A deterministic neural net trained with the classical MSE target one step ahead is suboptimal both on the dynamic scores and on the static scores ten steps ahead. We have no verified explanation for this; our current hypothesis is that heteroscedasticity allows the model to downweight certain training points that are hard to predict.

10-step forecasts of deterministic neural models. Optimizing MSE one step ahead (NN) leads to suboptimal performance down the horizon while optimizing log likelihood (DARMDN) in a mixture model performs better, even if we ignore the uncertainty estimate at simulation time (we simulate from the mean). The results hold even with a single Gaussian component (not shown).

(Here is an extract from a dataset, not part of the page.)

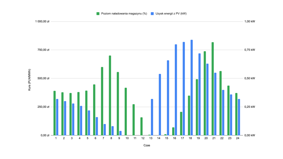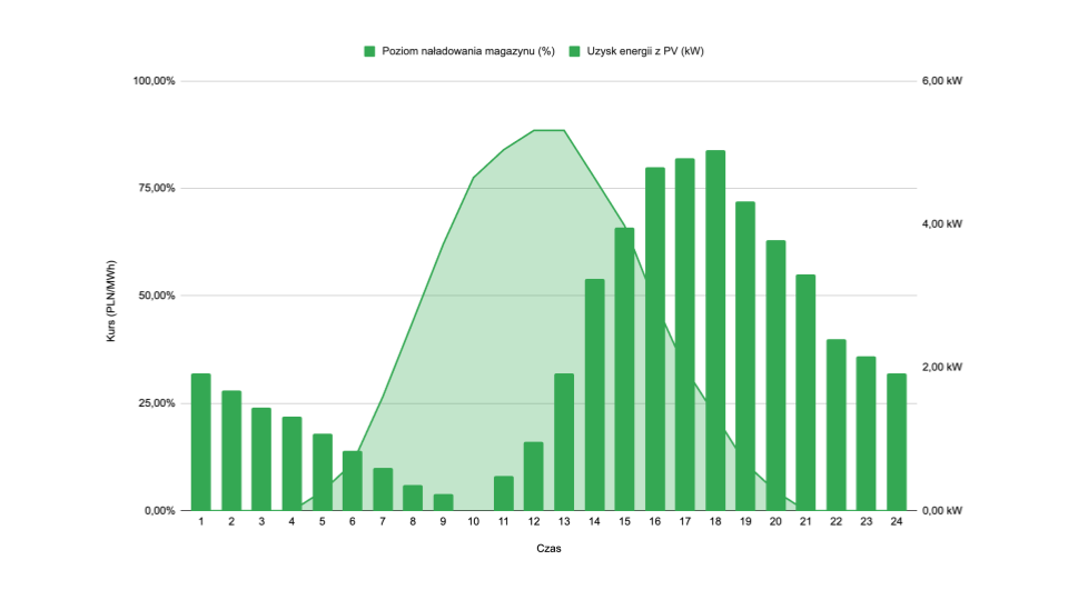 Analizowany wykres potwierdza te zależności. Słupki pokazujące poziom naładowania magazynu energii osiągają najwyższe wartości właśnie w porach, gdy ceny są wysokie. Tymczasem największa produkcja energii z instalacji fotowoltaicznej przypada na godziny od około 9:00 do 14:00, kiedy cena energii jest relatywnie niska. Sprzedaż nadwyżek w tym czasie w systemie net-billing jest mało opłacalna, ponieważ stawki są wtedy znacząco niższe niż w godzinach szczytowego zapotrzebowania.

Flows (RealNVP) and variational autoencoders (VAE) are suboptimal even on the sincos system.

The raw angles Acrobot system

This system requires multimodal posterior predictives at ±π.

The only models that do well are those that use explicit mixture densities.

Dynamic metrics (RMAR=asymptotic performance, max=1000, MRCP: learning pace in system access steps) and learning curves on the Acrobot raw angles system. Only mixture models that can model multimodal posterior predictive perform well.

In principle flows (RealNVP) and variational autoencoders (VAE) can model multi-modal posterior predictives but in our experiments on the raw angles Acrobot system we were not able to tune them to do so.

Conclusion

Overall, our preferred model is the deep autoregressive mixture density net, we call it DARMDN (“darm-dee-en”; similar to RNADE). Not only it performs optimally on both Acrobot systems, but autoregressivity means that we can model one variable at a time, so DARMDN is easy-to-adapt to engineering systems which come with heterogeneous system observables.

The classical non-autoregressive mixture density net (DMDN) uses a mixture of axis-aligned multivariate Gaussians. It also nails the two Acrobot systems but the practicing data scientist has less control over individual observable models, in case they are discrete/continuous or have heavy tail.

The bagged single-Gaussian DMDN(1) is equivalent to what the PETS algorithm is using. It is a mixture density model, but it is learned using ensembling instead of directly optimizing log-likelihood. Ensembling is a variance reduction technique which improves sample complexity at the extreme low-data regime, but it cannot learn multi-modal posterior predictives, so it remains suboptimal on the raw angles system.